The only good piece of news to come out of the night was that my injury wasn’t serious. Apparently foreheads are very enthusiastic bleeders, so head cuts often look much worse than they actually are. Mine only required three stitches and left just a tiny scar on my hairline.
&
nbsp; But I got scarred in other even more painful ways.
For example, Jazzmin thought it would be a good idea to share highlights of the night on the internet (thankfully without photos) while at the same time somehow neglecting to mention that she was the one who brought along the vodka in the first place. Naturally everyone just assumed that bringing alcohol to a sleepover and getting totally wasted was just the sort of thing that the sulky, withdrawn, irritable, anti-social, product-of-a-broken-home, pissed-off-at-the-world, don’t-want-to-be-here, zero-personality new kid would do.
So there you have it. The pothole that ate Goal 1.
And if that wasn’t already depressing enough, now I’d learned that The Pain had been present to witness every gruesome detail of my humiliation up close and personal.
Oh joy.
11
Cyber Boy
Back at school the following week I had more pressing concerns than The Pain’s unexpected and unwanted intrusion into my embarrassing private life. There was the increasingly disastrous state of my THREE SPECIFIC AND REALISTIC GOALS to attend to.

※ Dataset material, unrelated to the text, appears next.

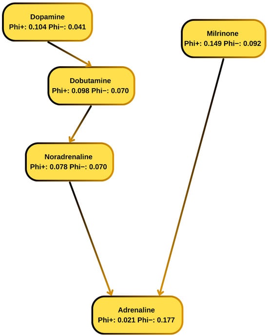 Within the limitations of the proposed research, Figure 1 and Figure 2 visually illustrate the ranking of each inotrope alternative. The distance between each alternative represents their relative “score” to each other, and this is represented by phi values that can also be found in Table 3 and Table 4. The highest placed inotrope within each figure scored best, and the arrowed line flow represents the next lower rank. For example, looking at Figure 1, it can be said that there is not a big difference in the rankings of dopamine and noradrenaline for the acute HFrEF patients, as there only have several slightly better graded property values that account for the first rank placement of dopamine over noradrenaline.

With Goal 1: Make at least one good friend at St Brenda’s now completely undermined by the Sleepover Spew Fest from Hell, and Goal 3: Get an overall A for English in the process of being annihilated by the Sister-minator, I needed to concentrate my efforts on Goal 2: Find a partner for the Year Ten Graduation Dance.
How hard could it be, right? I mean who wouldn’t want to go to a dance with that sulky, withdrawn, irritable, anti-social, product-of-a-broken-home, pissed-off-at-the-world, don’t-want-to-be-here, zero-personality, vodka-regurgitating psycho Maggie Butt?
For some reason, great hordes of eager applicants hadn’t been beating a path to my door. So, with time dwindling, I knew a more proactive approach was required. I had dreams of being a film director, didn’t I? It was time to take charge of my story and cast my very own real-life leading man!